Unfortunately, Greece is not alone on the authoritarian slope. The notorious ‘Visegrád’ has precedence here, the small group of central European member states, that have been a constant source of undemocratic dissonance within the EU.
In spite of the verbal admonishments, piercing as they may have been, the European leadership has in fact handled the Visegrád phenomenon with a patience bordering on indulging a democratic aberration. An indulgence that cannot help looking like collusion. This has to stop.
The Greek Revolution of 1821, inspired a great wave of support from the peoples of Europe, gave rise to modern Philhellenism and brought a great number of European romantics in Greece, to fight among the insurgents.
Today, 200 years later, the EU owes its support to not only the Greeks, but also the Hungarians and the Poles and every other people trying to stand against the democratic decline caused by authoritarian practices of extreme right governments.
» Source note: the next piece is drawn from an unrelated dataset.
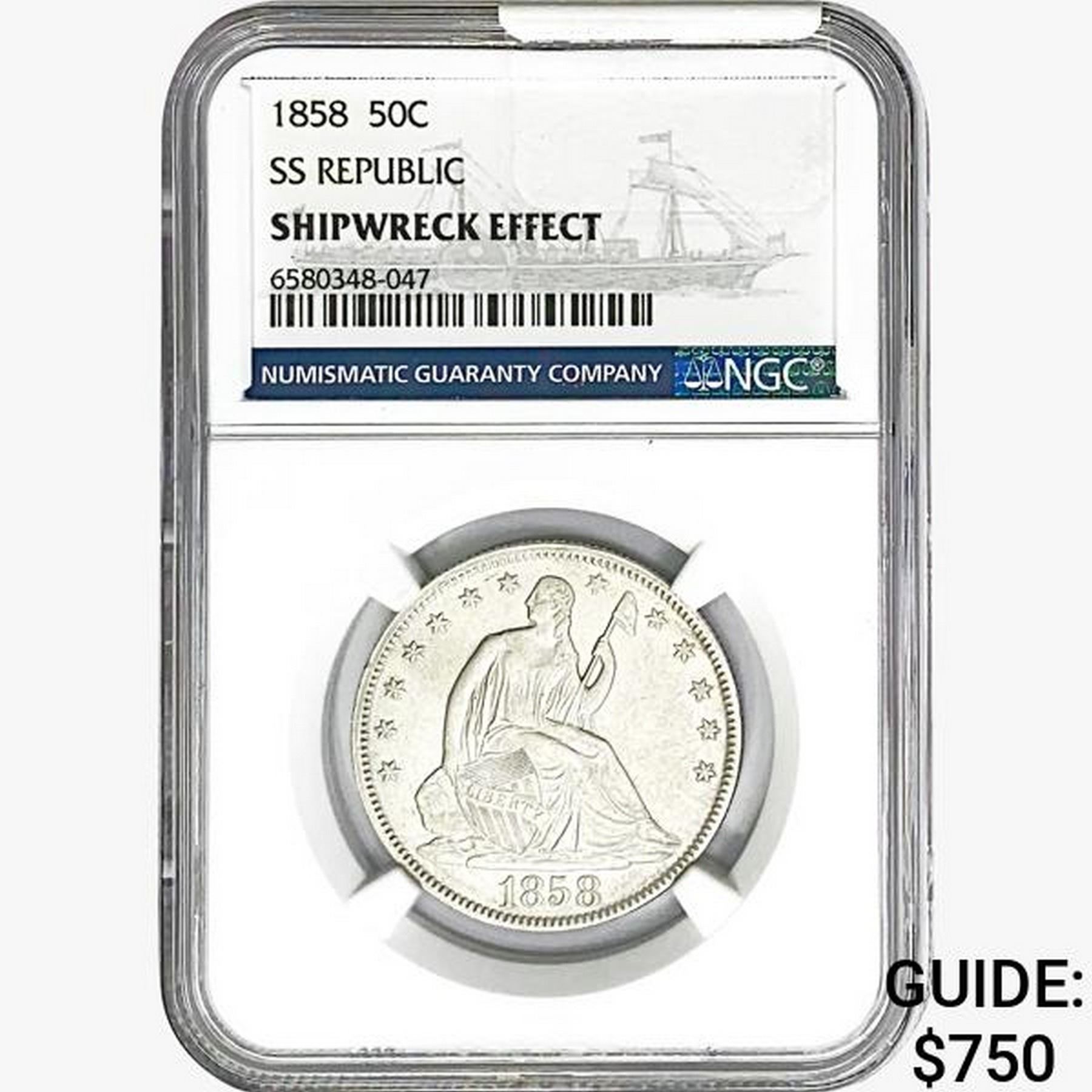 1858 Seated Lib. 50C NGC Shipwreck Effect SS REP.

United Europe faces a historic duty, to prove that it is in practice, as well as in theory, a community of law and democracy, and not solely a one-dimensional economic union — an association of capitalistic interests.
Two hundred years after the Greek revolution, the fight to stop the antidemocratic regression of my country, as well in the countries of the V4, is not a fight for Greece, Hungary or Poland.
The fight for Democracy and the Rule of Law is a fight for the soul and future of Europe.